## Records for this exercise
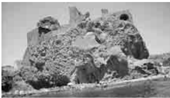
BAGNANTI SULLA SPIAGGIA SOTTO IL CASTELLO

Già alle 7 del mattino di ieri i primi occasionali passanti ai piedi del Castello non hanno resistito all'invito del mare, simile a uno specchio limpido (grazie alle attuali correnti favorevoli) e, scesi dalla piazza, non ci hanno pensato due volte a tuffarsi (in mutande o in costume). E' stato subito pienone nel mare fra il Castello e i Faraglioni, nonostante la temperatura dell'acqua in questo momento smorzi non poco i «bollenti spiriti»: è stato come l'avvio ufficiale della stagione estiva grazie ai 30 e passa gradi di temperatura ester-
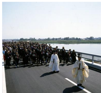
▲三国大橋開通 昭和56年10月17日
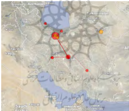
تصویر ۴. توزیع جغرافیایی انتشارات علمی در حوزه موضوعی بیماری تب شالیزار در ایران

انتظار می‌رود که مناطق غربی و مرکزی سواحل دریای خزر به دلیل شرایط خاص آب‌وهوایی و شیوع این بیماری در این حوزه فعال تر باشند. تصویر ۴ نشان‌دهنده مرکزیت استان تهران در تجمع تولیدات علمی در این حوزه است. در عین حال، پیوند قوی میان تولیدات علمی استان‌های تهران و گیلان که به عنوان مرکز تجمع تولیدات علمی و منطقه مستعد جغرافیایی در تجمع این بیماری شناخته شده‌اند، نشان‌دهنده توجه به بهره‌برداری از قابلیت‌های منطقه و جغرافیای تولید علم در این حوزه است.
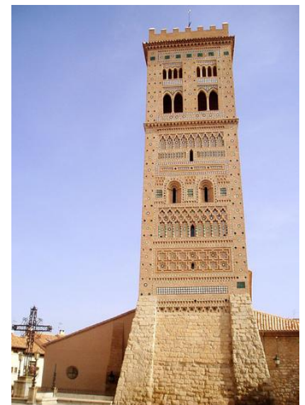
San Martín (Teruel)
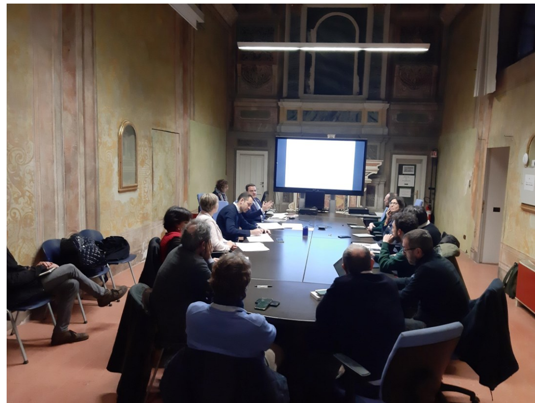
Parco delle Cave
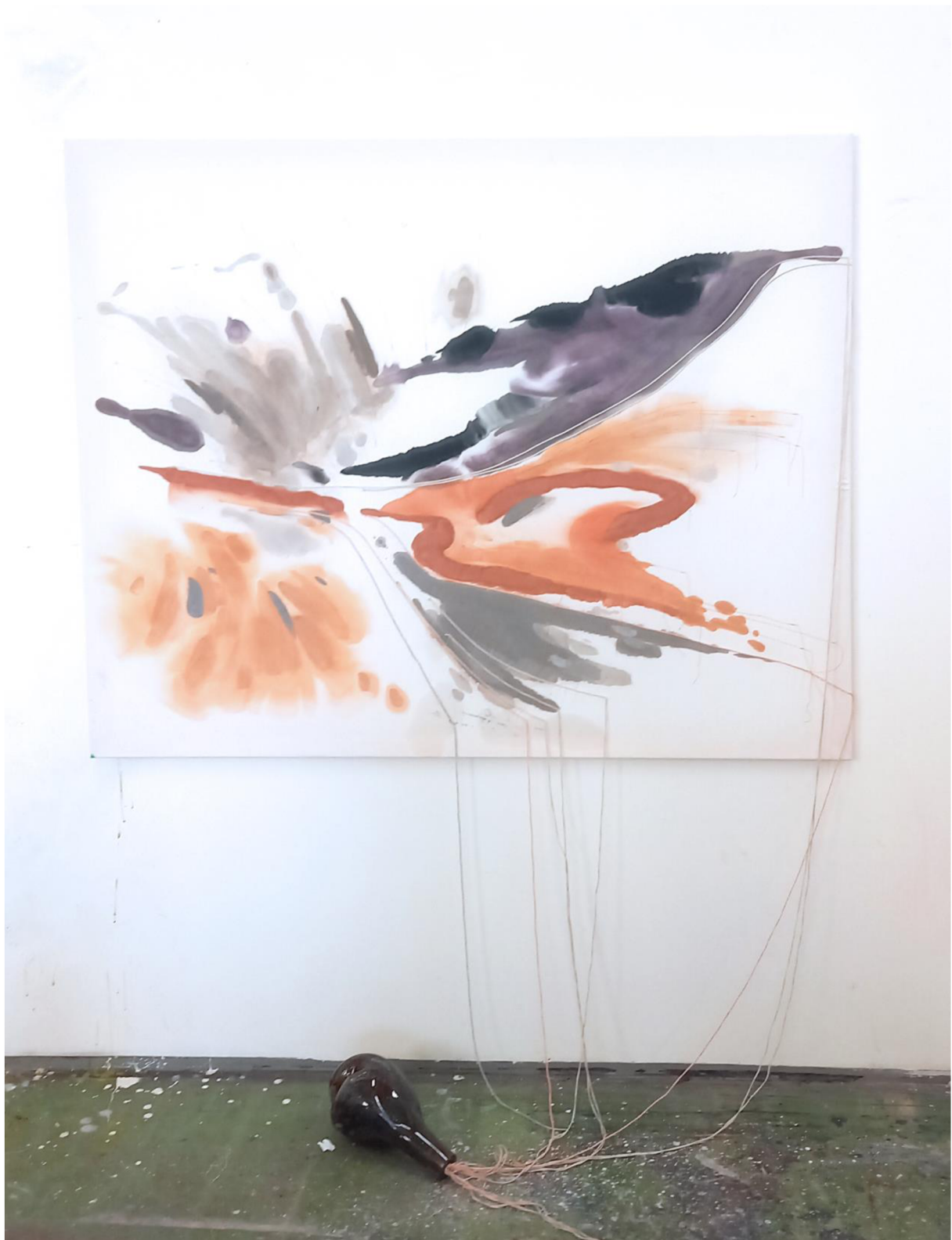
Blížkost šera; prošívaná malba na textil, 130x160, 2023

...

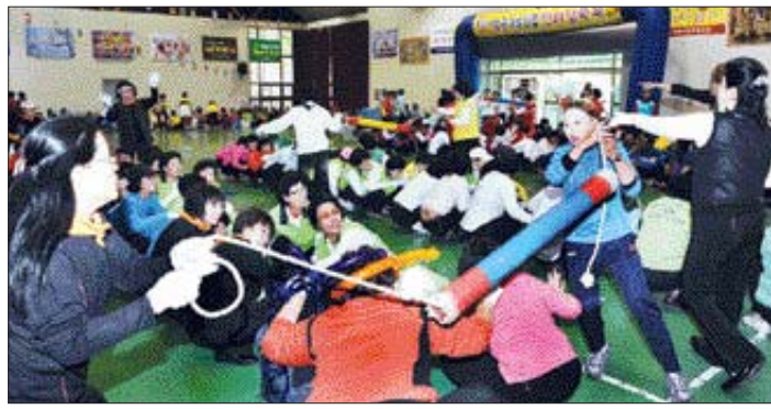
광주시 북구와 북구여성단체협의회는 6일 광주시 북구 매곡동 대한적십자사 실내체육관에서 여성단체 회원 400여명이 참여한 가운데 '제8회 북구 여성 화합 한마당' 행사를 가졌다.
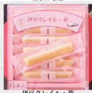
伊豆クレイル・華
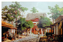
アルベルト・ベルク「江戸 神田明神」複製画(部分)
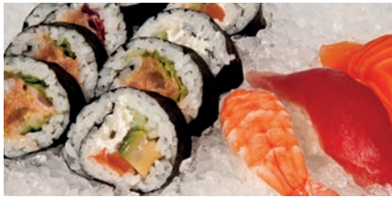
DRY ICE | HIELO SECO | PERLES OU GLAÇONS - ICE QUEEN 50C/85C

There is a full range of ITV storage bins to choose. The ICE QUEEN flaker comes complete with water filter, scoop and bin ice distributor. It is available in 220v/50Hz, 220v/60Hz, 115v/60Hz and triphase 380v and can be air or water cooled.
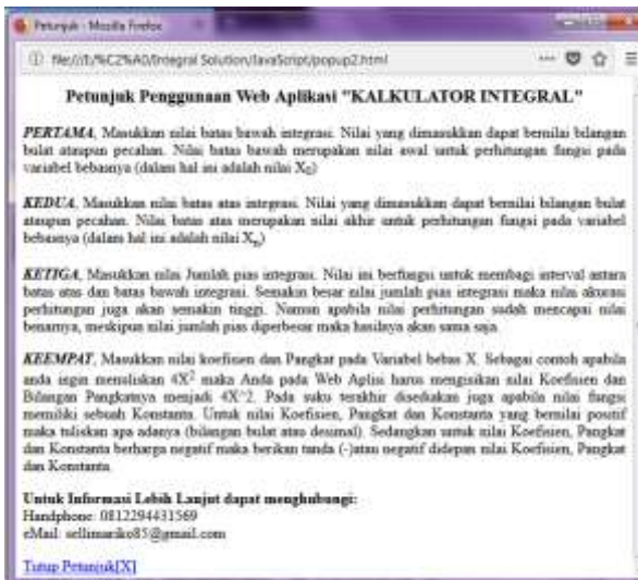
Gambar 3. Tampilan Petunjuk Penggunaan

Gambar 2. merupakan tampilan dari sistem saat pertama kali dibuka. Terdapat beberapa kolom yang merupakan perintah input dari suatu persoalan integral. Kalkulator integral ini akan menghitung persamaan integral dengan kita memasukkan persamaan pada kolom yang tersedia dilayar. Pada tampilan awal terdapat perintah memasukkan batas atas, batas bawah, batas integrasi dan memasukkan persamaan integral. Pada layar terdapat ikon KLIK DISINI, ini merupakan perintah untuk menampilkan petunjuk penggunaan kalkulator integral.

==

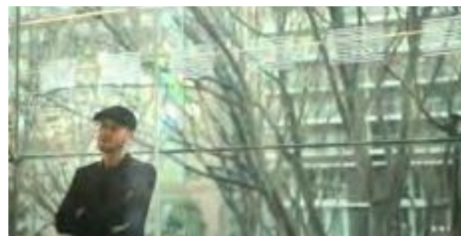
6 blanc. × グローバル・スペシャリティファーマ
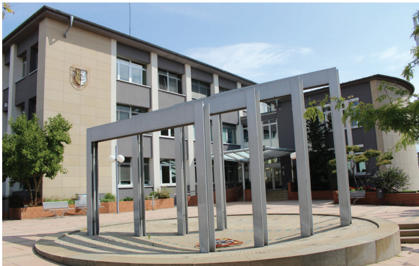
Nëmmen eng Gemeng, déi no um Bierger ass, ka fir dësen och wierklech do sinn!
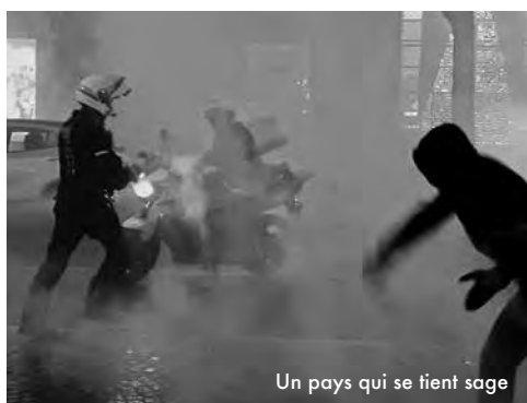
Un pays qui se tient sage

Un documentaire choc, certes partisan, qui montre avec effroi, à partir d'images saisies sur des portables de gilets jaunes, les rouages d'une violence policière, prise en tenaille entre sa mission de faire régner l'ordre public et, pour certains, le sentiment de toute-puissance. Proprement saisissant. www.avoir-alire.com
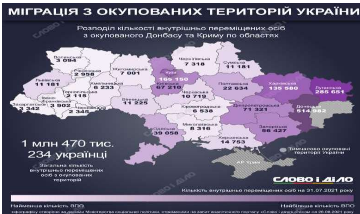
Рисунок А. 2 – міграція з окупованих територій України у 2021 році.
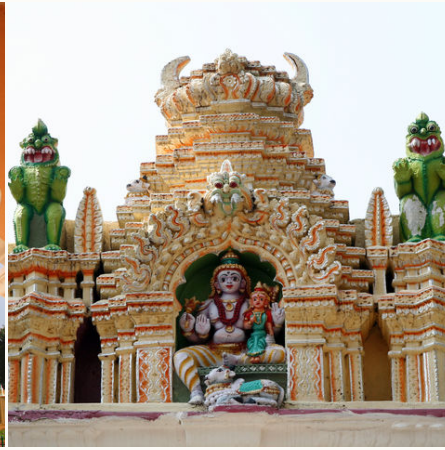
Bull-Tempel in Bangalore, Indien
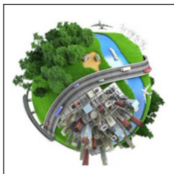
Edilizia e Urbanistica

## Instructions to follow
Using the data above, retype exactly and only the lines from the one containing "Parco delle Cave" up to and including the one containing "Blížkost šera; prošívaná", with no pictures carried over.

## Problem solution
Parco delle Cave
Blížkost šera; prošívaná malba na textil, 130x160, 2023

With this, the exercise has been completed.